Arkadaşımız yere düşüp dizini kanattıktan sonra koluna girerek çeşmeye götürdüğümüzde öğrendik “yardımlaşmayı”.
“Paylaşmayı” oyun arasında annemiz ismimizi seslenip, elimize tutuşturduğu salçalı ekmeğin yarısını arkadaşımıza verdiğimizde öğrendik.
Kazandıktan sonra olimpiyatları almış gibi birbirimizi kucaklayıp, sarıldığımızda öğrendik “sevgiyi”.
Futbol oynarken sert vurmak yoktu. Burada “şefkat” duygusunu öğrendik.
“Adaleti” iki taş arasını aynı kişinin ayaklarıyla ölçüp iki kaleyi kurduğumuzda öğrendik.

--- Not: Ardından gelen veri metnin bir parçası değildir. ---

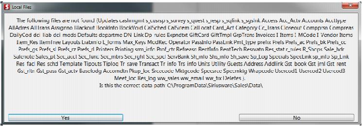 You get a message indicating that files are not found (see the following screen capture). Sales must load them from the server (that is, Sales must create the local data files in the \ProgramData\Siriusware\Sales\Data folder). Click Yes and the salespoint begins to build the file structure for the first time. This can take a few minutes depending on the size of the data set.
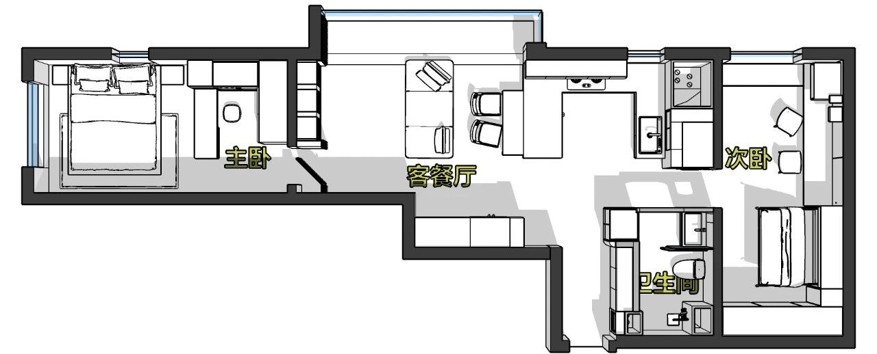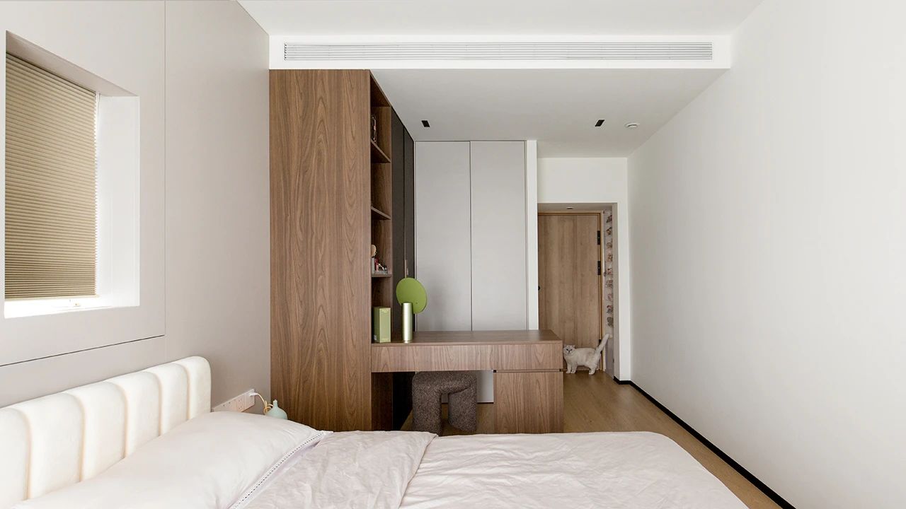 空间整体延续了客餐厅的风格,灰、白、木配色清爽简约,不大的空间更适合。
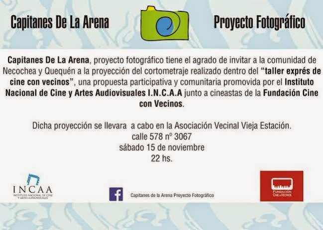 Este sábado 15 de noviembre a las 22hs se proyectará el corto que se realizara como producto de la jornada de trabajo «Taller de cine exprés con vecinos». La misma fue una experiencia de realización cinematográfica llevada adelante por la Fundación Cine con Vecinos en conjunto con INCAA.
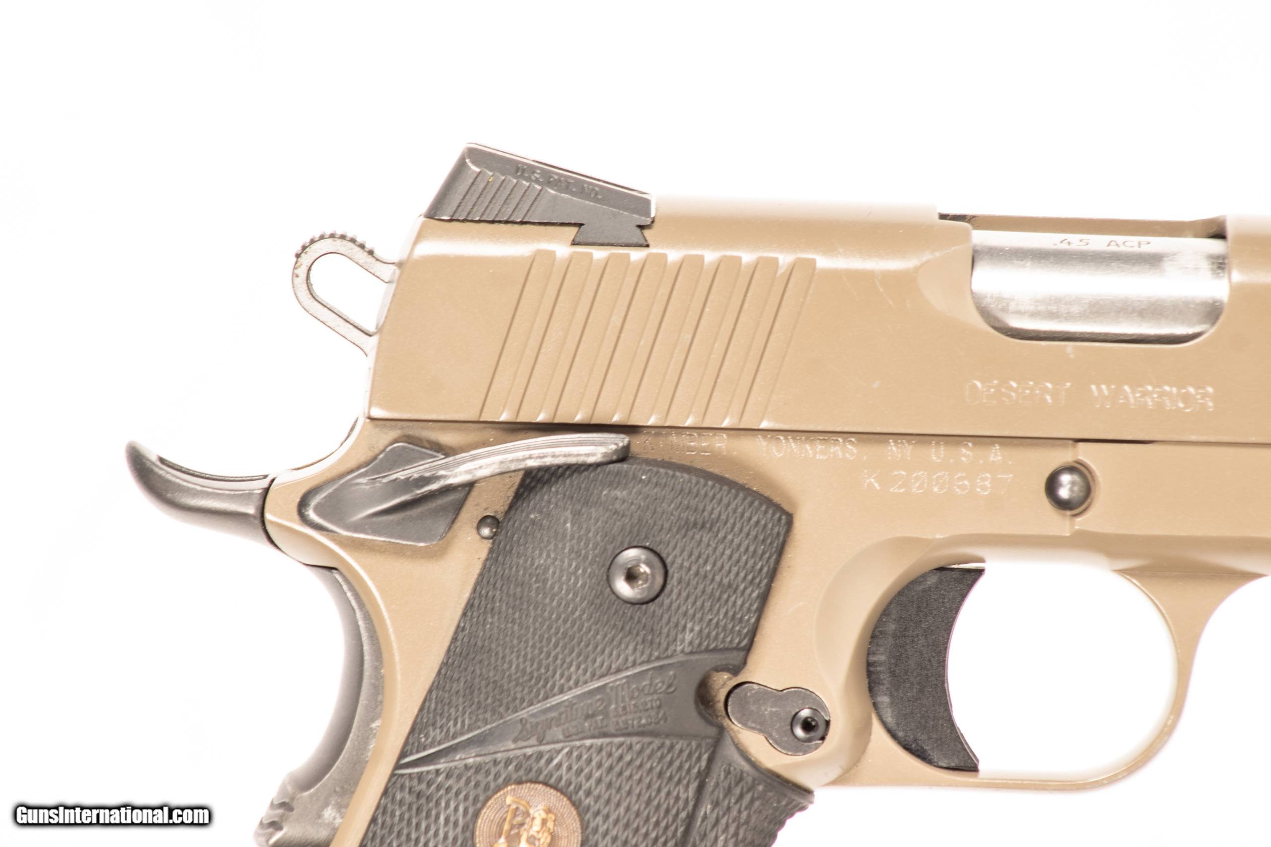 Description: Kimber Desert Warrior chambered in 45 ACP with a 5 inch barrel, bright & shiny bore, case, and 22 LR conversion kit. The NRA grading condition for this firearm is Excellent. Dury's Lifetime Warranty: All firearms purchased from Dury’s Gun Shop, NEW or USED, are covered by a lifetime warranty. We will repair or replace, at our discretion, any firearm purchased from Dury’s Gun Shop, Inc. for as long as it is owned by the purchaser. This warranty is not transferable. WE BUY GUNS! NO COLLECTION TOO BIG OR SMALL FOR OUR GUNS INTERNATIONAL CUSTOMERS ALL OF OUR FIREARMS CAN BE PURCHASED DIRECTLY FROM OUR DURY'S GUNS ! SOLD Manufacturer: Kimber Model: Desert Warrior Caliber Info: 45 ACP Barrels: 5inches |
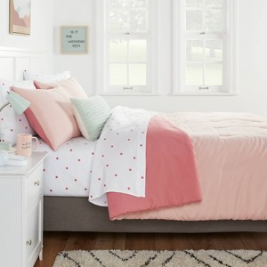 7pc Queen Solid Microfiber Reversible Comforter & Sheets Set Light Pink/Rose Pink - Room Essentials™: OEKO-TEX Certified
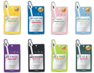 Dcure+ ディーキュア フェイスマスク 個包装シートマスク 8種各1枚詰め合わせ(ビタミン/8種のヒアルロン酸+コラーゲン/レチノール/ナイアシンアミド/NMN/5種のセラミド/ティーツリー/CICA) た...
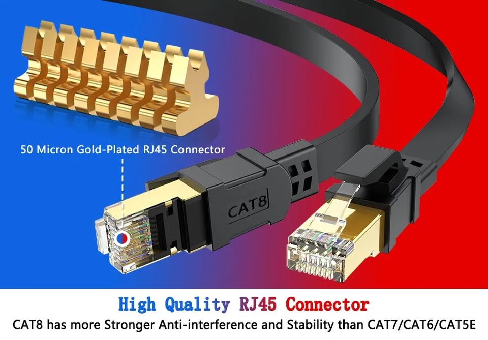 Cable Ethernet CAT8 40Gbps 2000MHz RJ45 10M 20M 30M Cable de conexión de Internet de red para módem Cable de enrutador Ethernet CAT 8
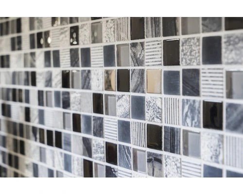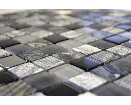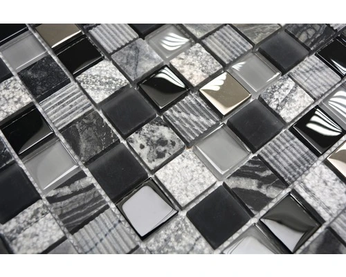 Glasmozaïek XCM HQ24 Zwart/zilver/wit 30×30 Cm
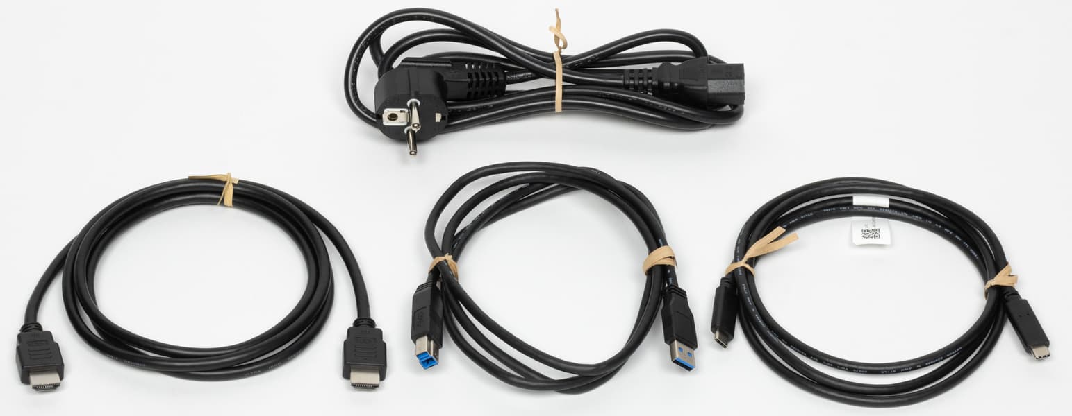 К монитору прилагается неплохой комплект кабелей (но не очень длинных). Качество кабелей с виду хорошее, и качество подтверждено тем, что в ходе тестирования с их использованием даже на предельных режимах никаких артефактов не было выявлено.
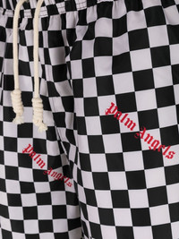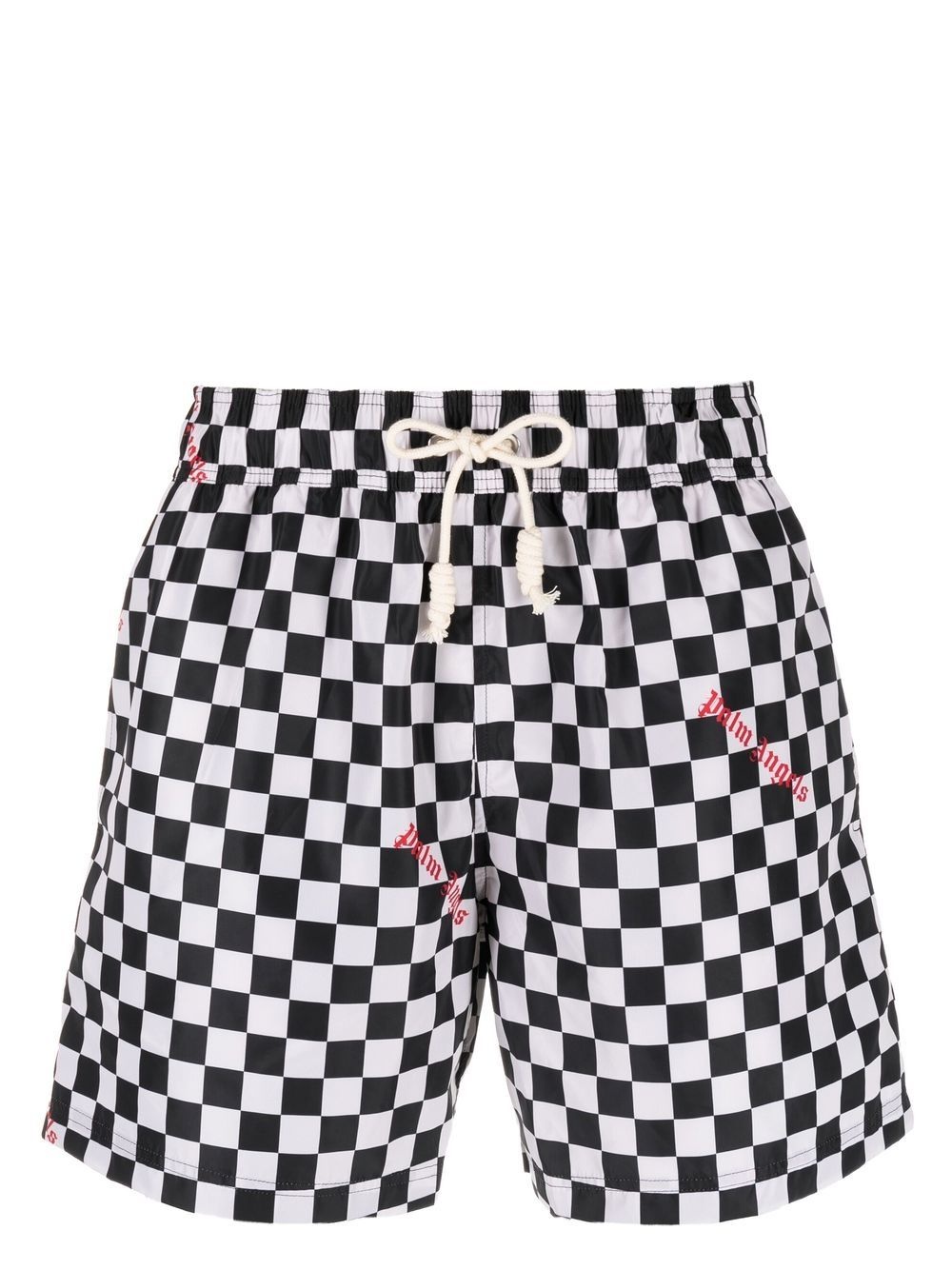 damier-print swim shorts These swim shorts from Palm Angels are decorated with the brand's recognisable damier print. In addition, logo lettering is incorporated into this piece in a red hue, allowing it to stand out against the monochrome design. Highlights - Black/white/red - All-over logo print - Elasticated drawstring waistband - Be mindful to try on swimwear over your own garments. Made in Italy Composition Outer: Polyester 100% Lining: Polyester 100% Washing instructions Machine Wash
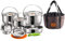 Camping Kochgeschirr Set, Camping Kochset, Töpfe und Pfannen für Lagerfeuer Kochen, beinhaltet Reise Einkaufstasche für 4-6 Personen
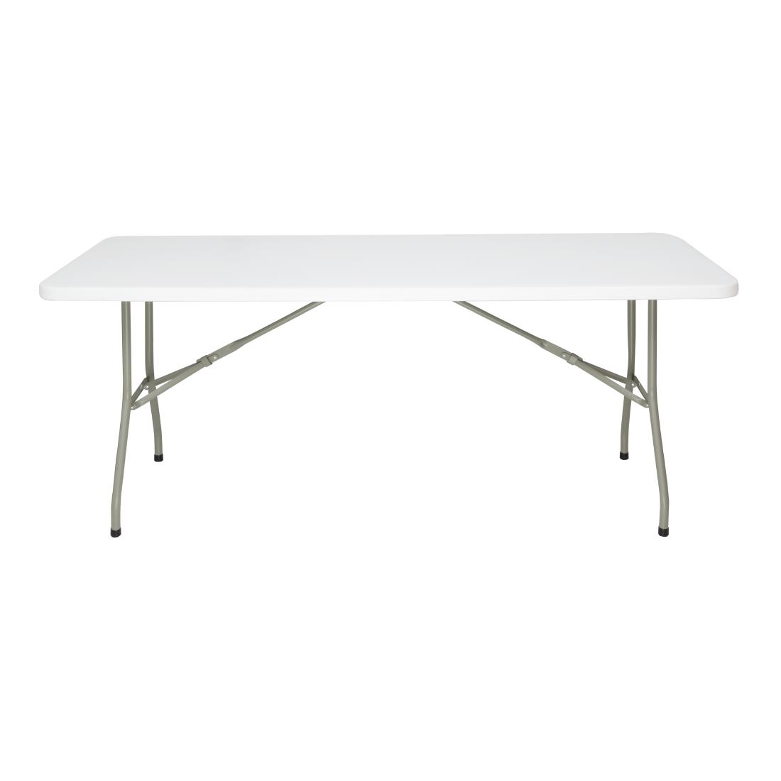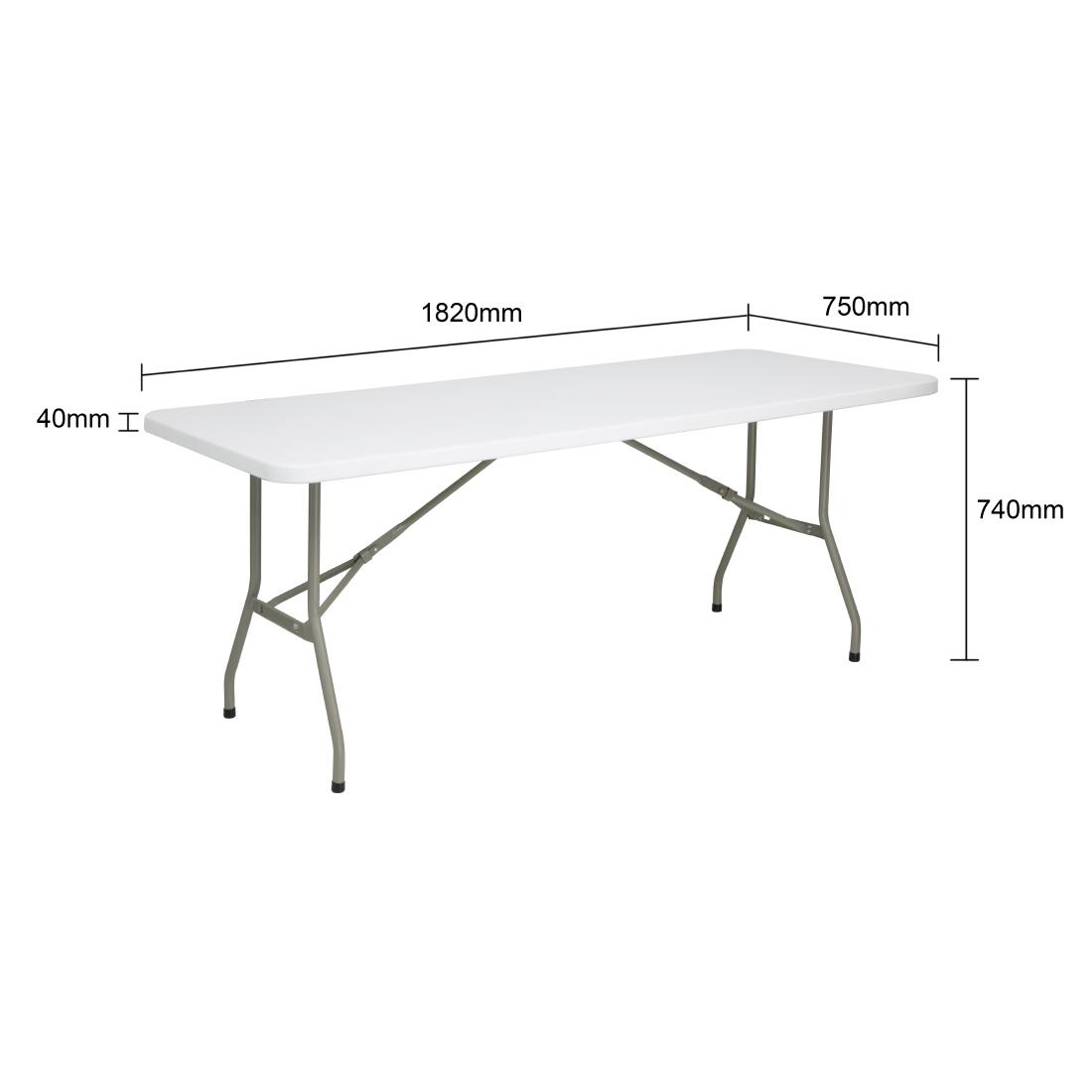 At 6ft in length, it can seat six people comfortably when used as a temporary dining table, but is equally effective for food displays or self-service areas - capable of holding loads up to 200kg, the steel frame and lockable hinged legs provide rigid stability, while non-marking foot bungs stop the table sliding on the floor.
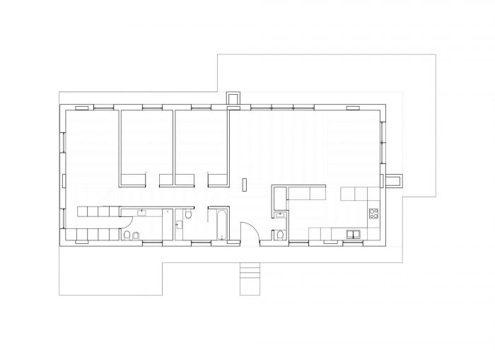 在外面有三个从屋顶延伸出来的体量,屋顶灯向上延伸,使光线能够进入房屋内部,在南面和东面有两个巨大的混凝土元件,向下延伸,负责收集屋顶的水。
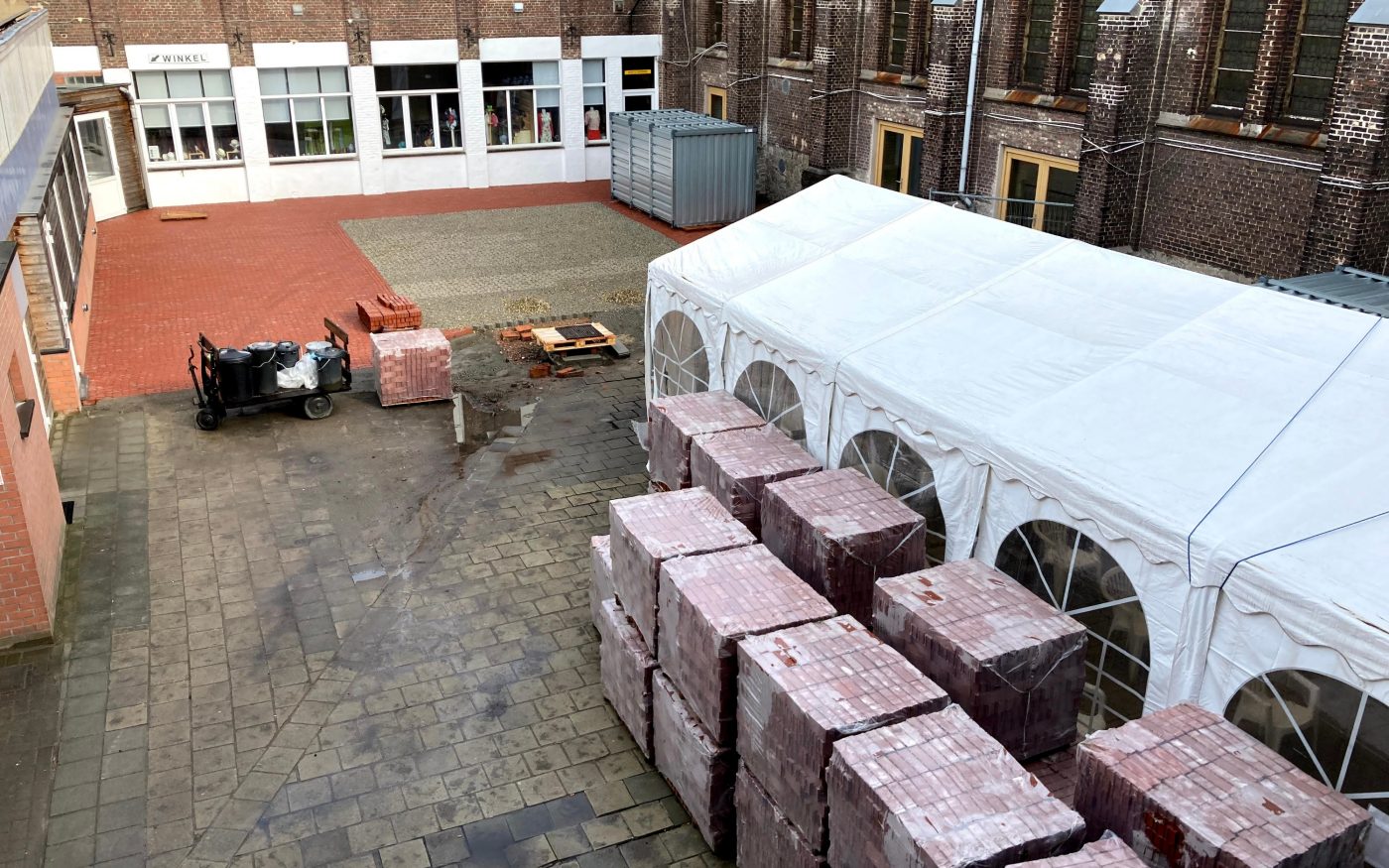De oude betegeling van deze binnenkoer was in zeer slechte staat. Met de tijd hadden zich op verschillende plaatsen kleine verzakkingen voorgedaan, waardoor bij regenweer overal plassen ontstonden. Toen Toontje vzw het plan had opgevat om met eigen middelen de binnenkoer voor de helft opnieuw aan te leggen met grasdallen en klinkers, heeft Wienerberger besloten om gratis 410 m² waterpasserende kleiklinkers te schenken. Dit heeft toegelaten om de volledige binnenkoer van duurzame en ecologische betegeling te voorzien, waardoor het regenwater vlot infiltreert in de ondergrond en plassen definitief tot het verleden behoren.
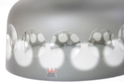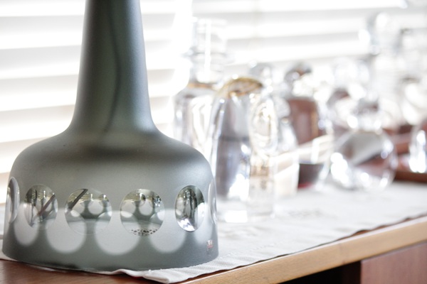 スモークがかったダークグレーの しっかりとしたガラスの本体にクリアの円形が ぐるりと模様のように削られデザインされています。
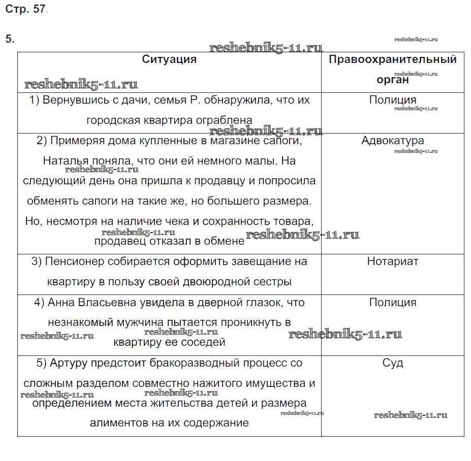 Готовая домашняя работа с ответами по Обществознанию за 9 класс Котова, Лискова Рабочая тетрадь УМК Просвещение 2016 ФГОС - Страницы 57
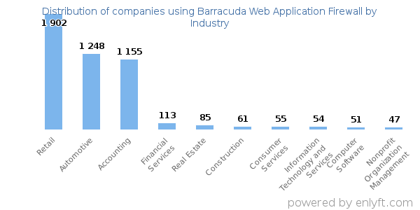 Looking at Barracuda Web Application Firewall customers by industry, we find that Retail (28%), Automotive (18%) and Accounting (17%) are the largest segments.

Saklambaç oynarken sobelenen arkadaşımıza diğerlerinin nerede olduğunu sorup, bilse bile söylemediğinde öğrendik “dürüstlüğü”.
Evcilik oynarken anne ya da baba olduğumuzda “sahiplik, birbirimize kol kanat germek” kavramlarını öğrendik.
Meğer fark etmeden oyunlar ne çok şey öğretmiş bize. Bilişsel kazanımların yanında bilmeden hangi değerleri kazanmışız. Salçalı ekmek tadında ne çok mutluluk paylaşmışız. Ezan vaktine kadar ne çok sevgi barındırmışız. Hele de yere düşen arkadaşımıza pansuman yapan nice gönüllü doktor olmuşuz.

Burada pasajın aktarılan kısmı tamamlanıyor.